*Exercise requirements*. Transcribe each of the records below exactly, excluding all pictures.
*** Provided data ***
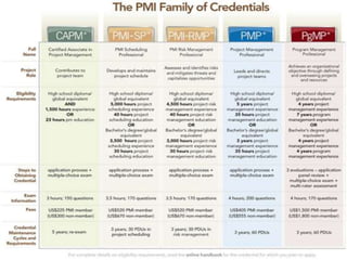 El Project Management Institute (PMI) es una organización fundada en 1969 para establecer estándares y certificaciones en gestión de proyectos. Ofrece varias credenciales para profesionales de proyectos y promueve los principios de gestión de proyectos a través de eventos educativos. El capítulo de PMI en Colombia busca difundir las mejores prácticas de gestión de proyectos en la región y apoyar a los miembros en su certificación y desarrollo profesional continuo.
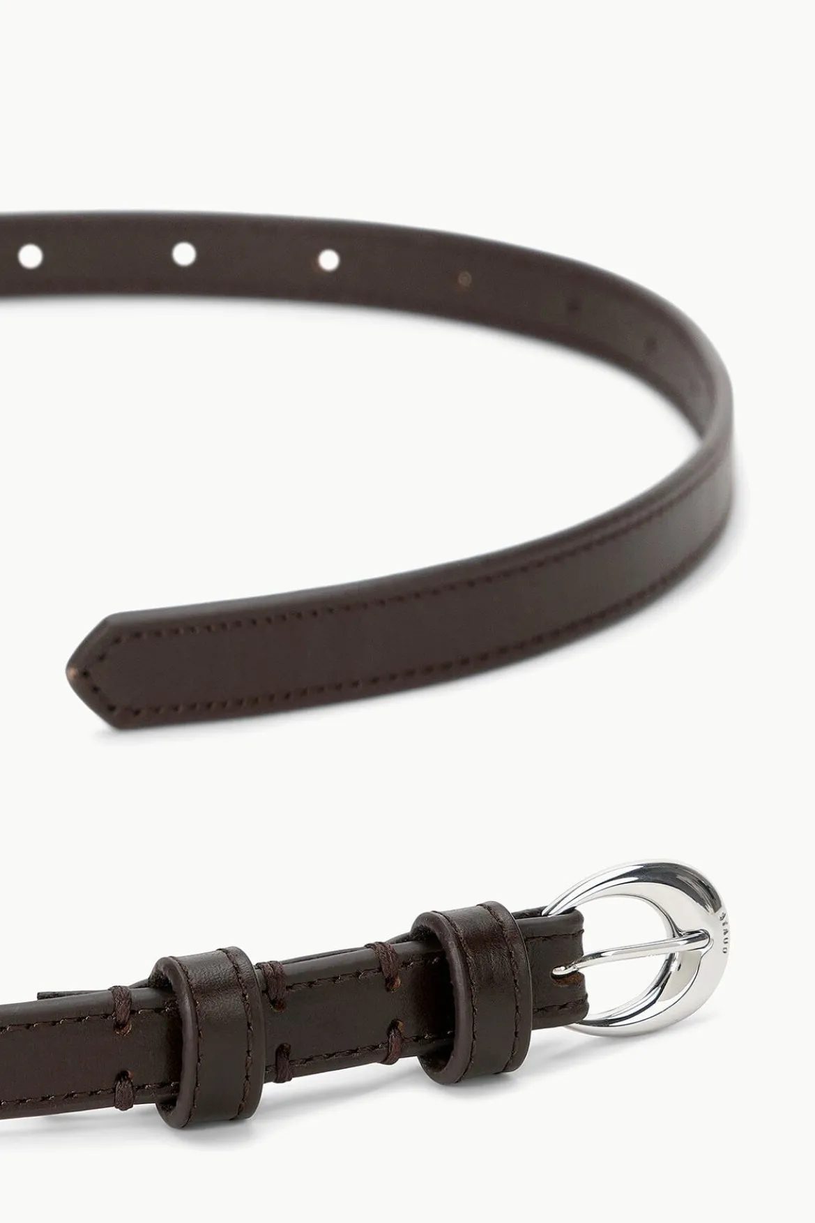 Thin leather belt featuring our crescent moon-shaped buckle hardware.
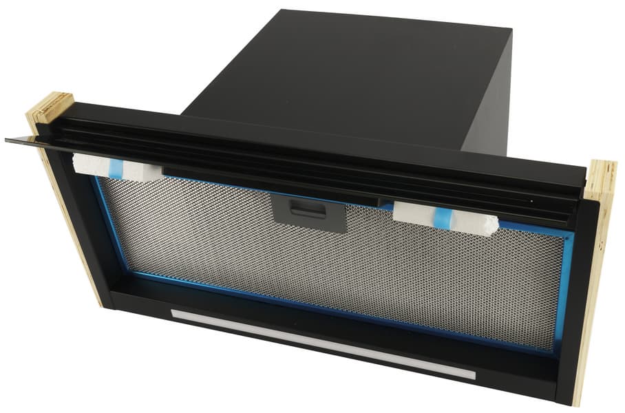 После распаковки перед нами предстало вполне классическое решение — вытяжка, допускающая как настенный монтаж, так и монтаж внутри шкафа. Что касается дизайна, то тут есть один ключевой нюанс, выделяющий данную модель среди многих похожих — панель управления вынесена на откидной стеклянный козырек. Весь остальной корпус металлический, окрашенный черной краской.
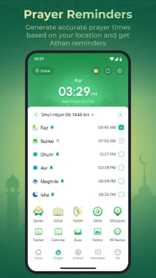 اپنے اسلامی تقویم (ہجری کیلنڈر) کے ساتھ، WeMuslim آپ کو مستقبل کی نمازوں کے اوقات دیکھنے اور اپنی یومیہ نمازوں کا ریکارڈ رکھنے کی سہولت دیتا ہے۔ مزید برآں، احادیث اور قرآن سے ماخوذ اذکار اور دعاؤں کا ایک وسیع ذخیرہ موجود ہے جسے آپ آسانی سے پڑھ اور دہرا سکتے ہیں۔ اپنی تسبیح کو شمار کرنے کے لیے، آپ کو ایک الیکٹرانک تسبیح اور دعاؤں کی تعداد گننے کا کاؤنٹر بھی ملے گا۔ حج و عمرہ کے مبارک سفر کی رہنمائی بھی WeMuslim کا حصہ ہے، جو رسومات کی مفصل وضاحت اور ہدایات فراہم کرتی ہے تاکہ آپ اپنے سفر کو بہترین طریقے سے مکمل کر سکیں۔
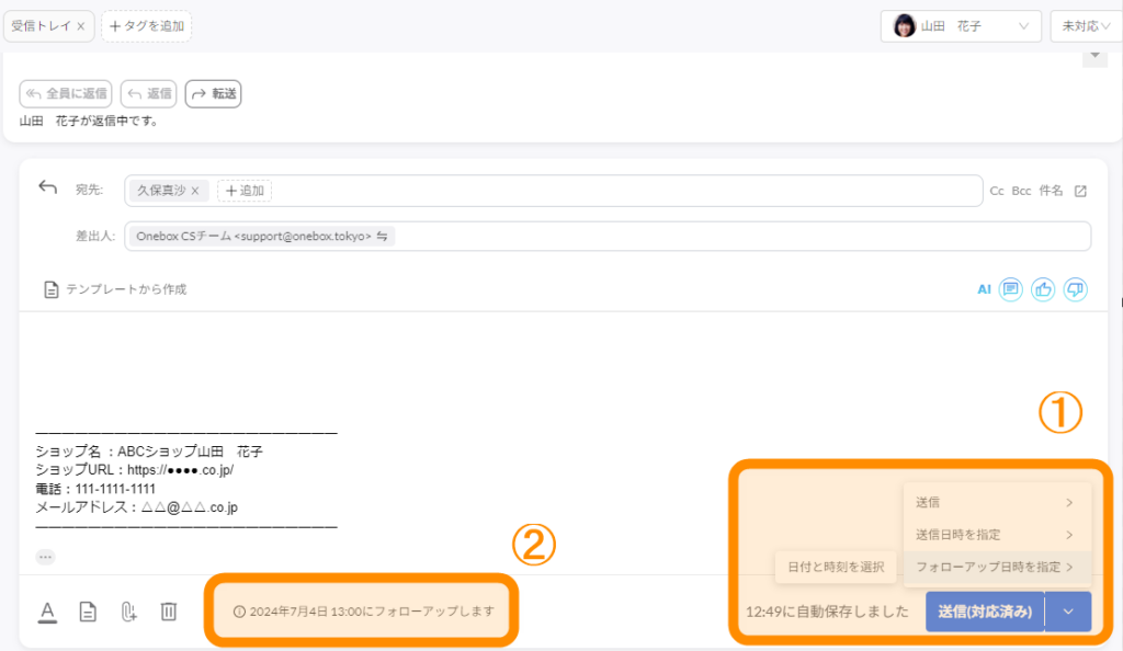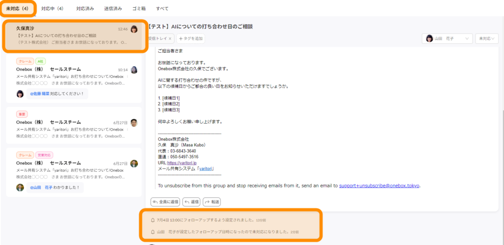 設定した受信メールは未対応フォルダに戻り、メールごとの対応履歴にも「フォローアップ日時になったので未対応になりました。」と記載されます。(※1)
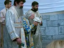 Pavle died on 15 November 2009, after more than two years spent in the Military Medical Academy in Belgrade.[27] Citizens were able to pay tribute to Patriarch Pavle at the Cathedral Church of St. Michael the Archangel in Belgrade.[28] The Divine Liturgy was held on November 19 inside St. Michael's Cathedral (Saborna Crkva), with His All-Holiness, Ecumenical Patriarch Bartholomew presiding, while the funeral service was held outside of Cathedral of Saint Sava and he was laid to rest on 19 November, in Rakovica monastery.[29] The funeral was attended by Ecumenical Patriarch Bartholomew I of Constantinople, Patriarch Daniel of Romania, Filaret, Metropolitan of Minsk and Slutsk, Archbishop Anastasios of Albania, Metropolitan Christopher of Prague and Roman Catholic Cardinal Angelo Sodano.[30]
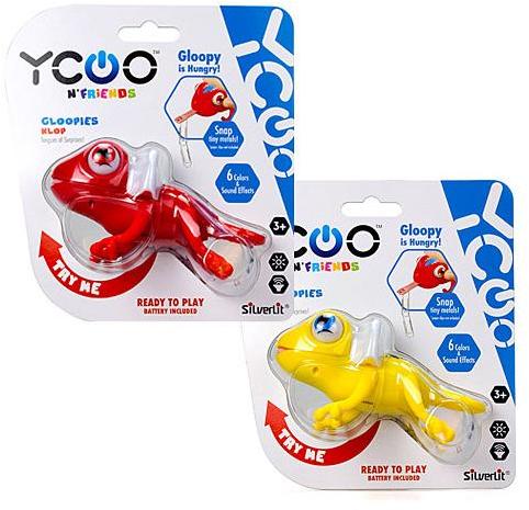 A Gloopies állatkák különleges lények. A fejüket megnyomva mágneses nyelvük lecsap a kihelyezett csalikra. Miközben vadásznak, vidám hangokat adnak ki és több színben világítanak. Több Gloopies-zal verseny is rendezhető: ki szedi össze előbb a kihelyezett fémtárgyakat, vagy ki szedi össze a többet... Az állatka 6-féle hangot ad ki és 6 színben világít. A játék műk
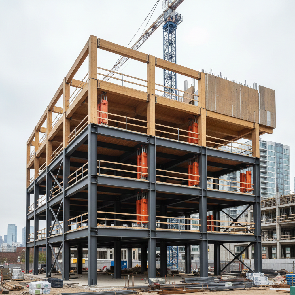 🏗️ 「鉄骨+木造」ハイブリッド構造の耐震性:中大規模建築物における新素材導入の課題と解決策
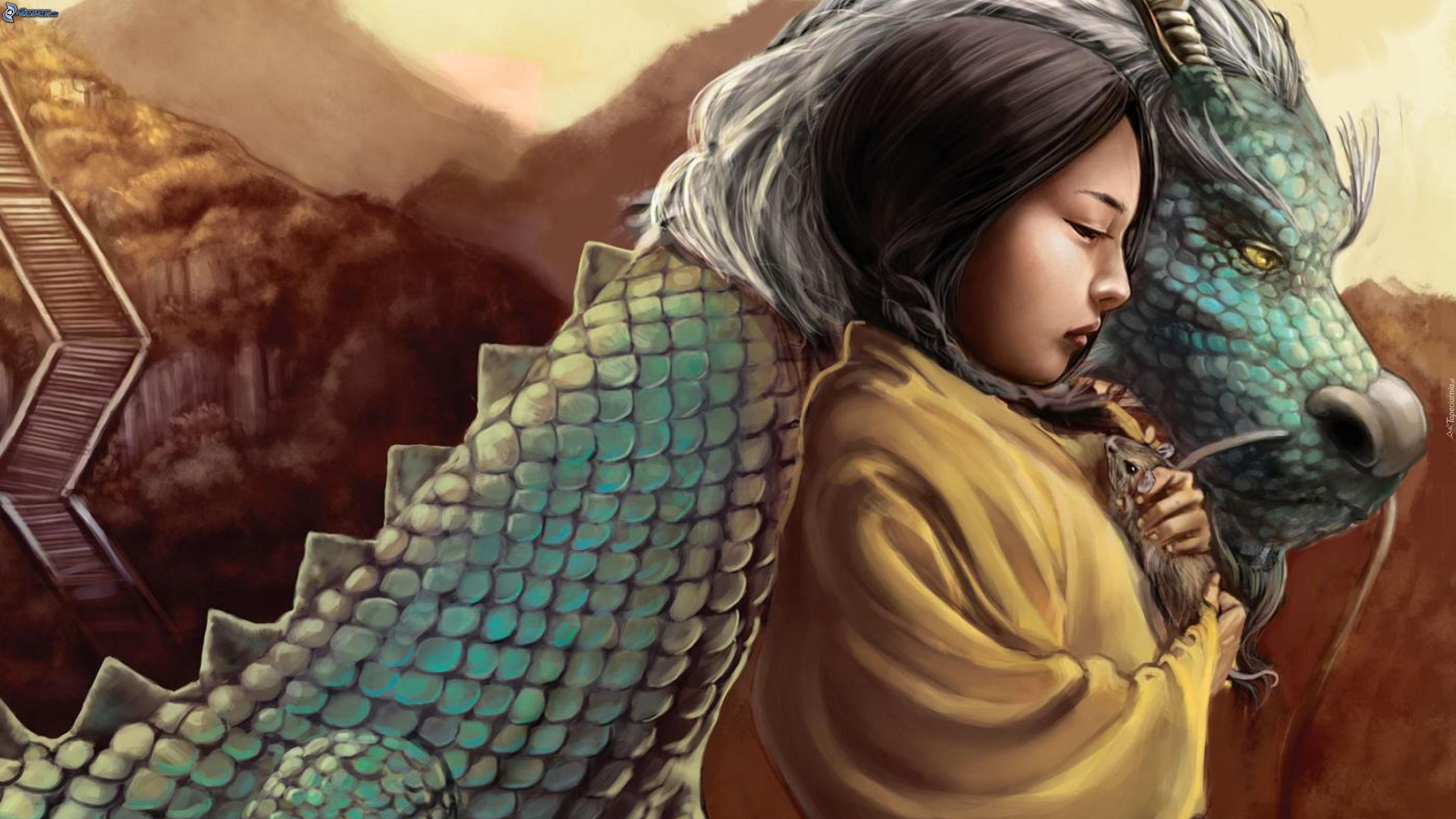 Edytor tapety: Smutna, Dziewczynka, Szczur, Smok
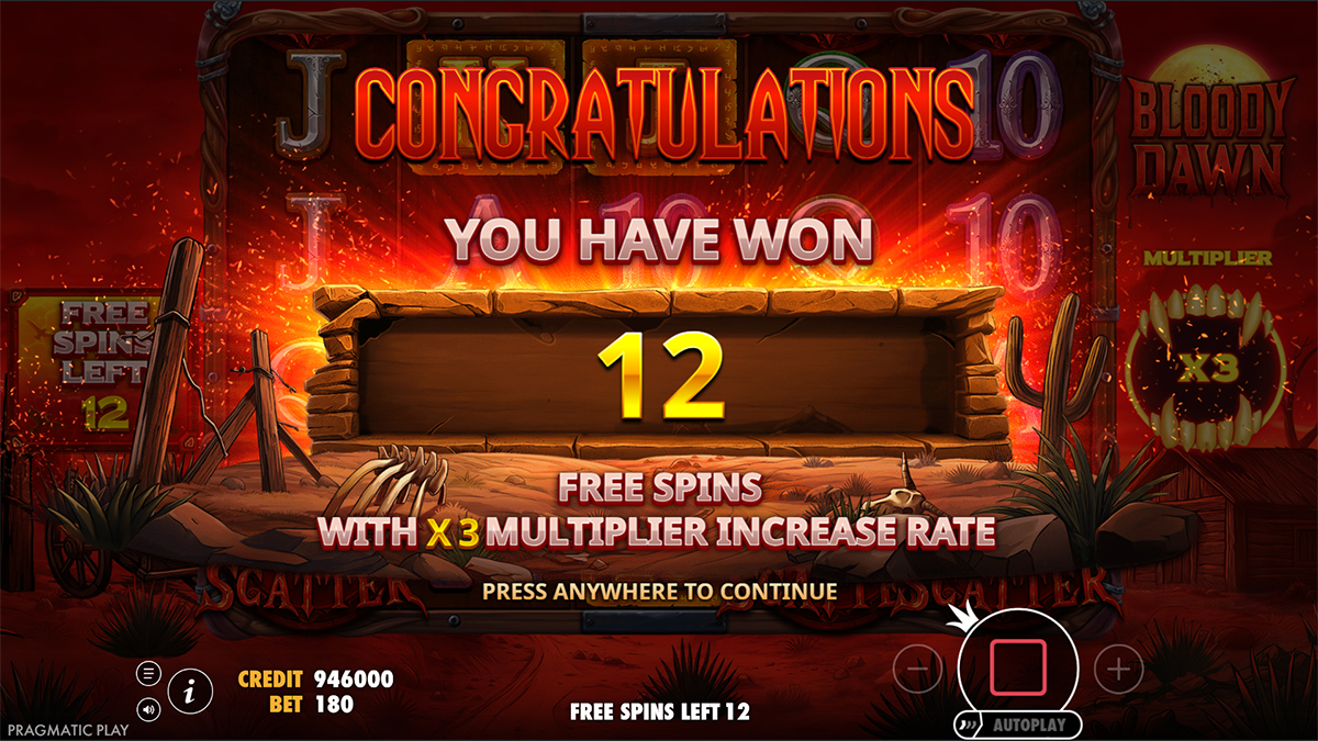 Bloody Dawn ScatterThe free spins round in Bloody Dawn is triggered by landing between 3 and 10 Scatters anywhere on the reels, awarding 12 spins accompanied by a starting multiplier that scales from x1 to x8 depending on the number of Scatters collected. Once activated, the feature transforms the game into a volatile battleground where multipliers never reset, and every tumble builds momentum by increasing the multiplier further based on the initially granted value. The bonus escalates even more dramatically when additional batches of 3 to 10 Scatters appear, granting 6 extra spins and enhancing the incremental multiplier growth by up to 9x, all while guaranteeing that every symbol on the middle reel becomes a Gold Symbol, greatly boosting the potential for powerful, cascading wins.
*** End of Provided data ***
*Response below*.
 El Project Management Institute (PMI) es una organización fundada en 1969 para establecer estándares y certificaciones en gestión de proyectos. Ofrece varias credenciales para profesionales de proyectos y promueve los principios de gestión de proyectos a través de eventos educativos. El capítulo de PMI en Colombia busca difundir las mejores prácticas de gestión de proyectos en la región y apoyar a los miembros en su certificación y desarrollo profesional continuo.
 Thin leather belt featuring our crescent moon-shaped buckle hardware.
 После распаковки перед нами предстало вполне классическое решение — вытяжка, допускающая как настенный монтаж, так и монтаж внутри шкафа. Что касается дизайна, то тут есть один ключевой нюанс, выделяющий данную модель среди многих похожих — панель управления вынесена на откидной стеклянный козырек. Весь остальной корпус металлический, окрашенный черной краской.
 اپنے اسلامی تقویم (ہجری کیلنڈر) کے ساتھ، WeMuslim آپ کو مستقبل کی نمازوں کے اوقات دیکھنے اور اپنی یومیہ نمازوں کا ریکارڈ رکھنے کی سہولت دیتا ہے۔ مزید برآں، احادیث اور قرآن سے ماخوذ اذکار اور دعاؤں کا ایک وسیع ذخیرہ موجود ہے جسے آپ آسانی سے پڑھ اور دہرا سکتے ہیں۔ اپنی تسبیح کو شمار کرنے کے لیے، آپ کو ایک الیکٹرانک تسبیح اور دعاؤں کی تعداد گننے کا کاؤنٹر بھی ملے گا۔ حج و عمرہ کے مبارک سفر کی رہنمائی بھی WeMuslim کا حصہ ہے، جو رسومات کی مفصل وضاحت اور ہدایات فراہم کرتی ہے تاکہ آپ اپنے سفر کو بہترین طریقے سے مکمل کر سکیں۔
 設定した受信メールは未対応フォルダに戻り、メールごとの対応履歴にも「フォローアップ日時になったので未対応になりました。」と記載されます。(※1)
 Pavle died on 15 November 2009, after more than two years spent in the Military Medical Academy in Belgrade.[27] Citizens were able to pay tribute to Patriarch Pavle at the Cathedral Church of St. Michael the Archangel in Belgrade.[28] The Divine Liturgy was held on November 19 inside St. Michael's Cathedral (Saborna Crkva), with His All-Holiness, Ecumenical Patriarch Bartholomew presiding, while the funeral service was held outside of Cathedral of Saint Sava and he was laid to rest on 19 November, in Rakovica monastery.[29] The funeral was attended by Ecumenical Patriarch Bartholomew I of Constantinople, Patriarch Daniel of Romania, Filaret, Metropolitan of Minsk and Slutsk, Archbishop Anastasios of Albania, Metropolitan Christopher of Prague and Roman Catholic Cardinal Angelo Sodano.[30]
 A Gloopies állatkák különleges lények. A fejüket megnyomva mágneses nyelvük lecsap a kihelyezett csalikra. Miközben vadásznak, vidám hangokat adnak ki és több színben világítanak. Több Gloopies-zal verseny is rendezhető: ki szedi össze előbb a kihelyezett fémtárgyakat, vagy ki szedi össze a többet... Az állatka 6-féle hangot ad ki és 6 színben világít. A játék műk
 🏗️ 「鉄骨+木造」ハイブリッド構造の耐震性:中大規模建築物における新素材導入の課題と解決策
 Edytor tapety: Smutna, Dziewczynka, Szczur, Smok
 Bloody Dawn ScatterThe free spins round in Bloody Dawn is triggered by landing between 3 and 10 Scatters anywhere on the reels, awarding 12 spins accompanied by a starting multiplier that scales from x1 to x8 depending on the number of Scatters collected. Once activated, the feature transforms the game into a volatile battleground where multipliers never reset, and every tumble builds momentum by increasing the multiplier further based on the initially granted value. The bonus escalates even more dramatically when additional batches of 3 to 10 Scatters appear, granting 6 extra spins and enhancing the incremental multiplier growth by up to 9x, all while guaranteeing that every symbol on the middle reel becomes a Gold Symbol, greatly boosting the potential for powerful, cascading wins.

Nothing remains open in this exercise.